Among grass species that require thermal management (burning) are fine fescues, like creeping red fescue. "You can't leave any straw on it, or it won't grow, flower or reproduce," Chastain said. This grass, used for shaded lawns, accounts for about 1 percent of Oregon's 400,000-plus grass seed acres.

Another type of grass that usually is burned is chewings fescue, commonly used in cool-season grass mixes of Kentucky bluegrass and perennial ryegrass.

"It isn't that chewings has to be burned, but it grows on the hills on the eastern side of the Willamette Valley where baling would be very difficult," said Gale Gingrich, an OSU extension agent for Marion County. "Growers in the hills don't want to burn. If they do, they must have a burning crew and they must get approval by officials.

"Growers would rather bale, chop or whatever, so they can control what has to be done," she added.

Gingrich is secretary of Agriculture Fiber Association, Inc., an organization that includes state agriculture officials and 25 major operators involved in handling and exporting straw. Those operators see that the straw is baled, compressed and sold abroad.

According to the Oregon Department of Agriculture, Willamette Valley acres registered for open field burning are down 19 percent from last year. Linn County reports a 14 percent decrease; Marion, 14 percent; Lane, 12 percent; Benton, 44 percent; Yamhill, 54 percent; Clackamas, 20 percent, and Polk, a 68 percent decrease.

In addition to the 39,427 acres allocated for open field burning this year, another 1,712 acres of steep terrain and l8,167 acres of identified species that require burning have been registered and will be allocated by the Oregon Department of Agriculture. Actual acres burned will be far less, said Chastain, pointing out that in 1997 growers registered 89,000 acres but only burned 57,000 acres.

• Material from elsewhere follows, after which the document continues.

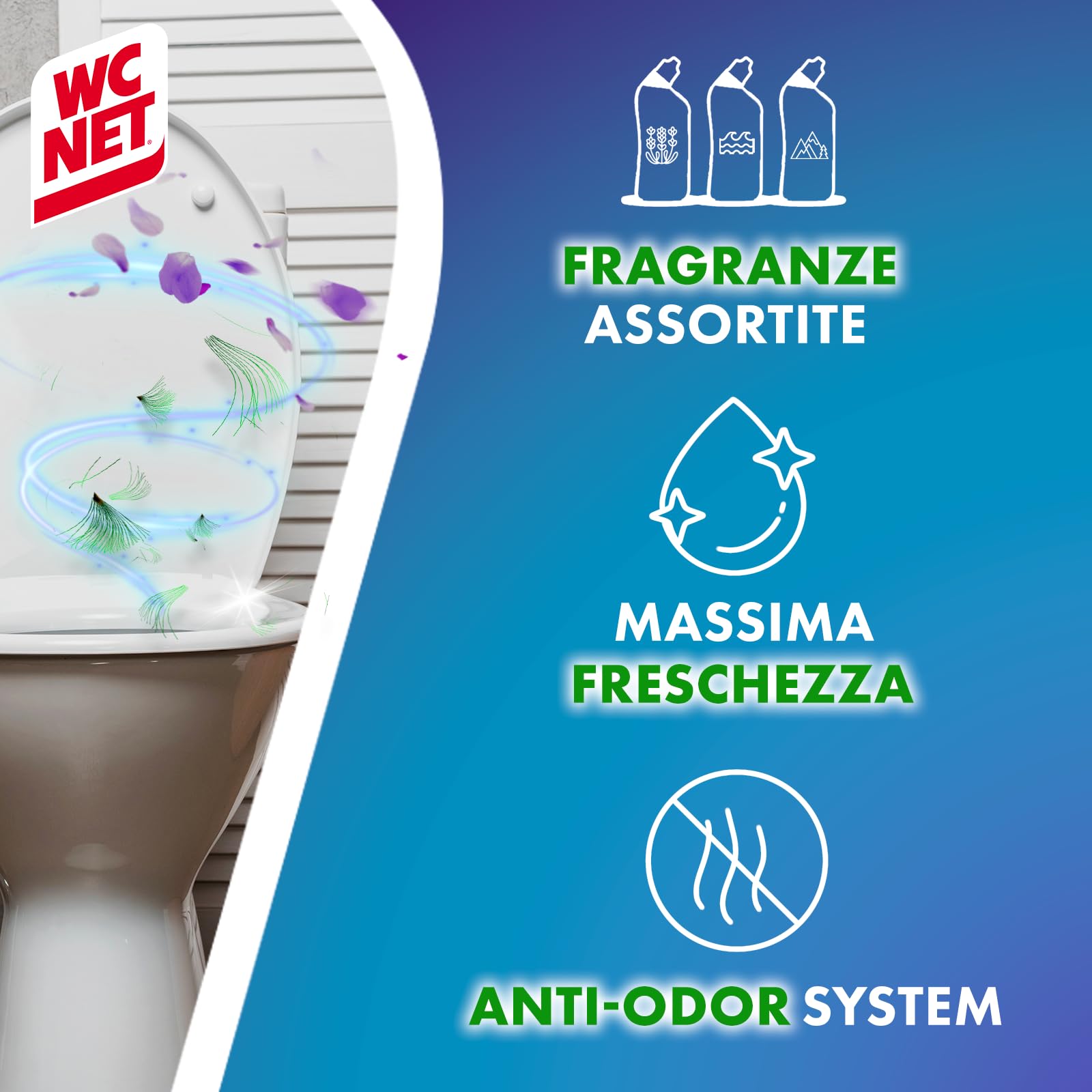 Wc Net - Profumoso Gel, Anticalcare e Igienizzante per WC, Tripacco Mono Fragranza a Seconda della Disponibilità, 3 Flaconi da 700 ml

Oregon produces two-thirds of the U.S. grass seed crop and 93 percent of that is produced in the Willamette Valley. The crop was worth $316 million in 1996, ranking second among agricultural commodities produced in Oregon.

The grass seed acres are divided into perennial ryegrass (150,000 acres), annual ryegrass (120,000), tall fescue (100,000), orchardgrass (20,000), chewings tall fescue (9,000) and creeping red fescue (4,000 acres).

The market for grass seed is good. So is the grass seed straw market. Mark Mellbye, a crops extension agent in Linn County, said the "farm gate value" of straw in his county is more than $6 million a year.